Retype, word for word, every line from the one holding "3.1. Spatial Distribution" through the one holding "Orecchino a cerchio" in the entries below, both included, and only those lines.

SUPPLIED MATERIAL:
"""

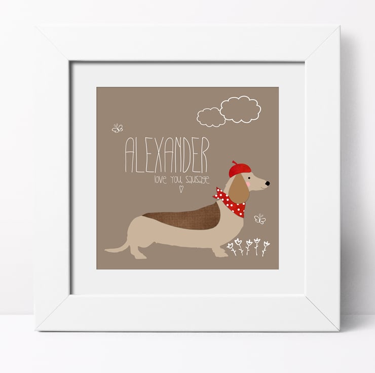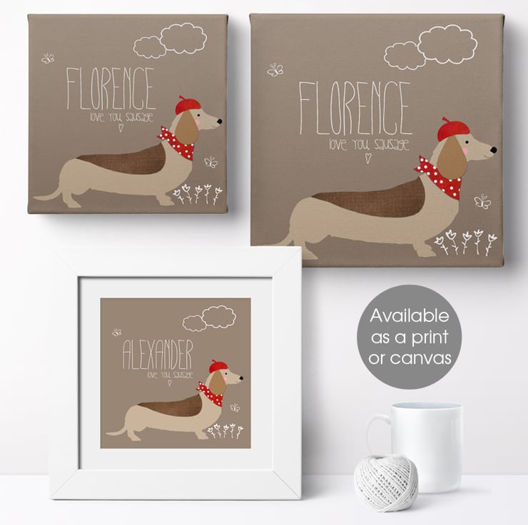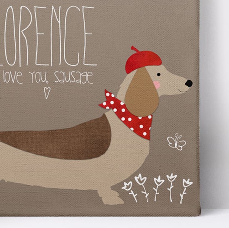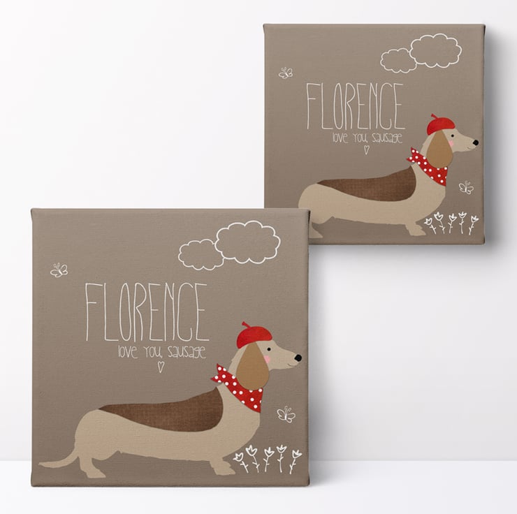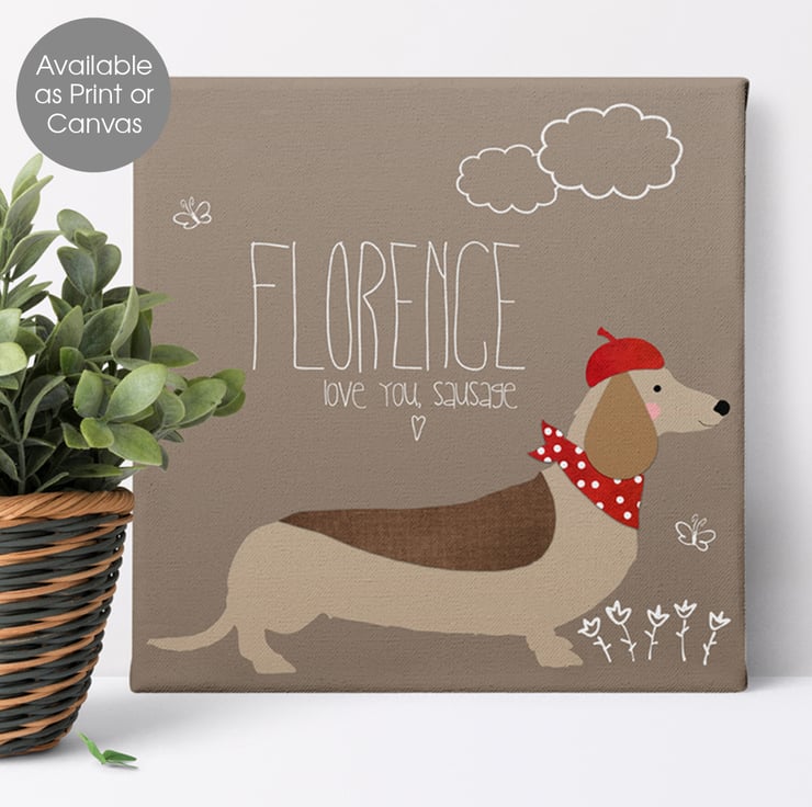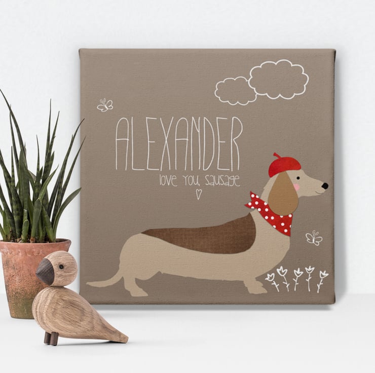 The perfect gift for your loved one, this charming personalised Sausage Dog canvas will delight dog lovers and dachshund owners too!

"""
"""

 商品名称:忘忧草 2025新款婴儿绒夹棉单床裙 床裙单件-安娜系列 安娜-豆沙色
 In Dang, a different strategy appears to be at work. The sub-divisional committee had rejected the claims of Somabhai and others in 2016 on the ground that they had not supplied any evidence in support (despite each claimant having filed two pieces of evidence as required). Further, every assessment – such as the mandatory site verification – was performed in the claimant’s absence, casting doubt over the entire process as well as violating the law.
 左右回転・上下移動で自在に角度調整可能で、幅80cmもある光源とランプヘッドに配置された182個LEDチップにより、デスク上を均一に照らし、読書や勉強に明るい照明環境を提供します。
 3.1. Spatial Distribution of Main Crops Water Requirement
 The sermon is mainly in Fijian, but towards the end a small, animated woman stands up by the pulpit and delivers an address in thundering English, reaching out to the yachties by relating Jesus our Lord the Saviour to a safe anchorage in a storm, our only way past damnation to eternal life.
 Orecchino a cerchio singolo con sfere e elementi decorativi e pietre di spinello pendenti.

"""

TASK RESULT:
 3.1. Spatial Distribution of Main Crops Water Requirement
 The sermon is mainly in Fijian, but towards the end a small, animated woman stands up by the pulpit and delivers an address in thundering English, reaching out to the yachties by relating Jesus our Lord the Saviour to a safe anchorage in a storm, our only way past damnation to eternal life.
 Orecchino a cerchio singolo con sfere e elementi decorativi e pietre di spinello pendenti.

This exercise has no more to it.